* _Material provided_
########
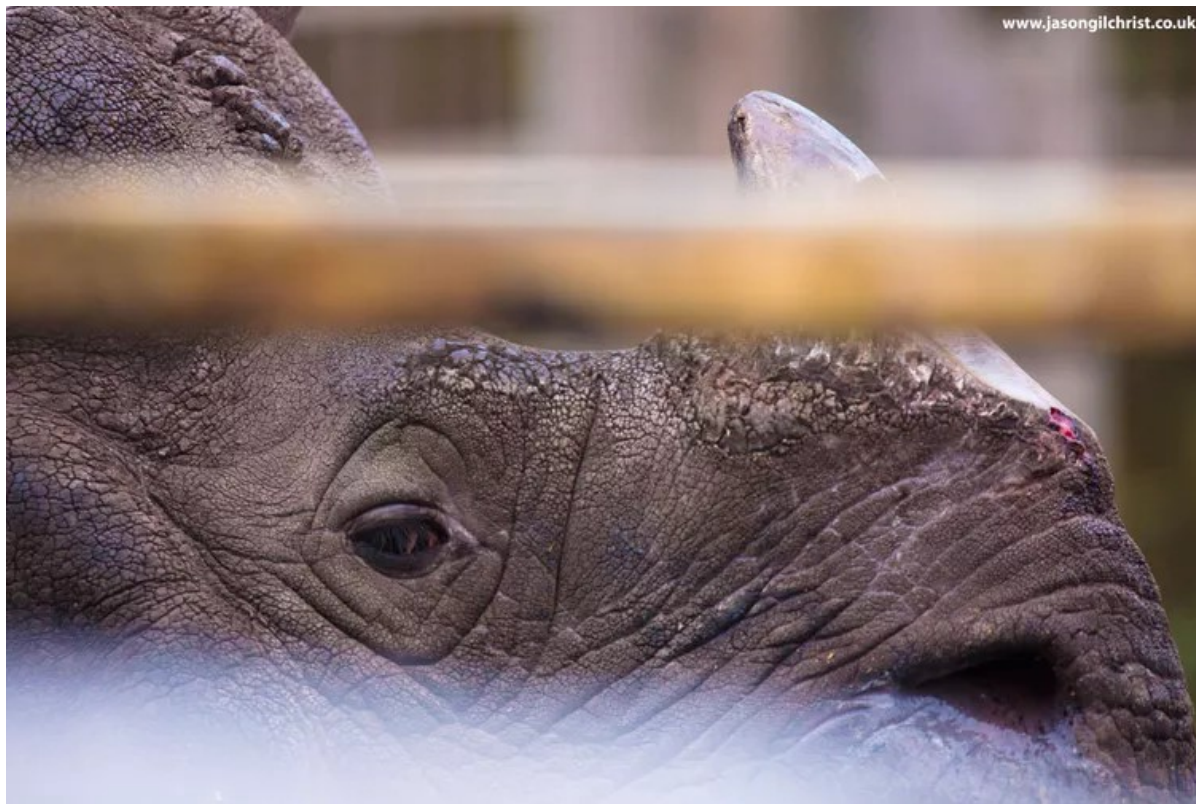
A greater one-horned rhino in a zoo. Only about 3,500 individuals remain in the wild in Asia.

It is easy to see why cutting edge reproductive technology is so appealing now that the planet's sixth mass extinction crisis is well under way.
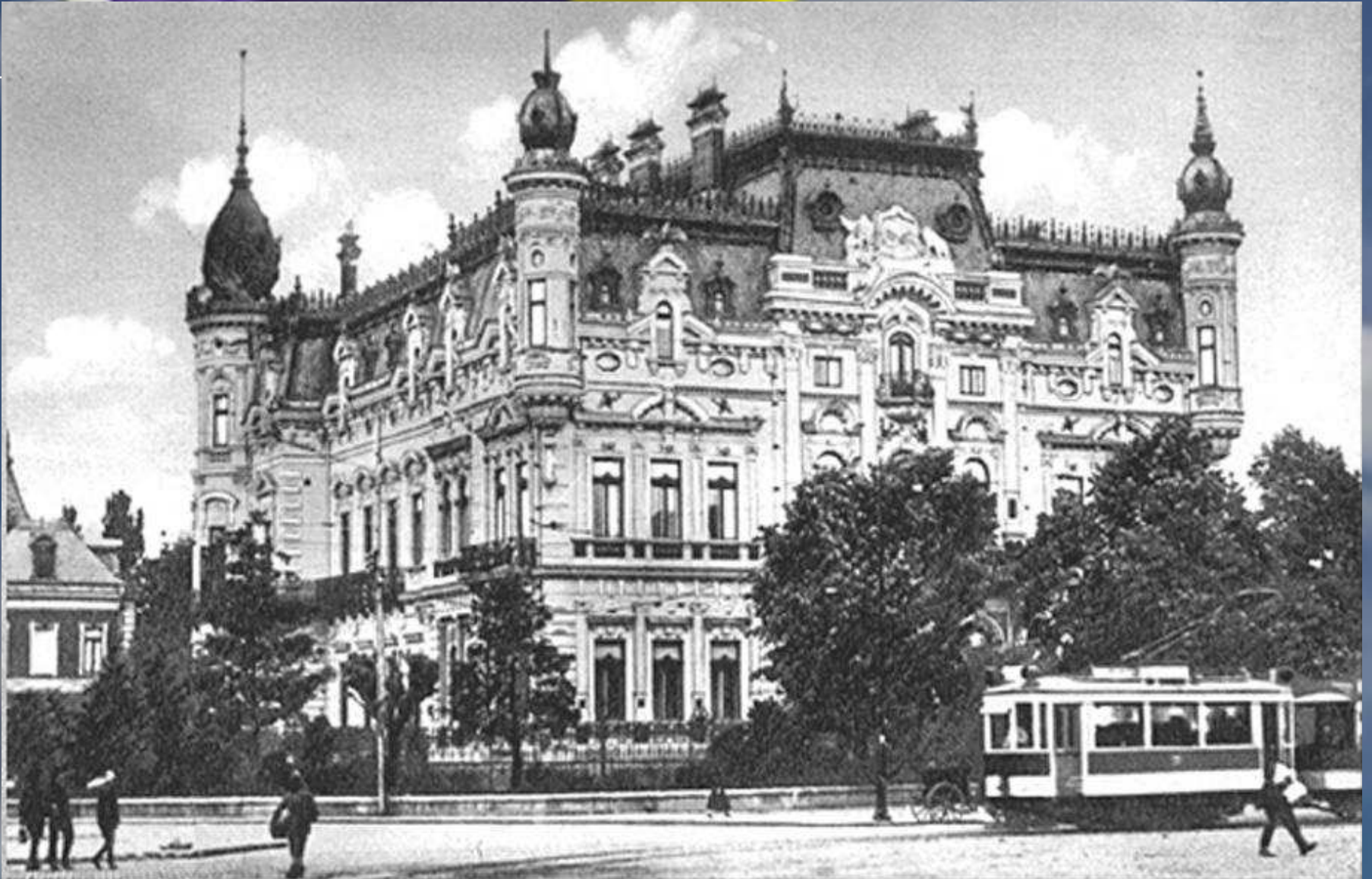
Tony Romani, Slide 6 April 20, 2008
########
* _Your instructions_
Print the stretch of the data from the line with "It is easy to" through its last line, exactly and with both ends kept. Omit pictures.

* _Problem solution_
It is easy to see why cutting edge reproductive technology is so appealing now that the planet's sixth mass extinction crisis is well under way.
Tony Romani, Slide 6 April 20, 2008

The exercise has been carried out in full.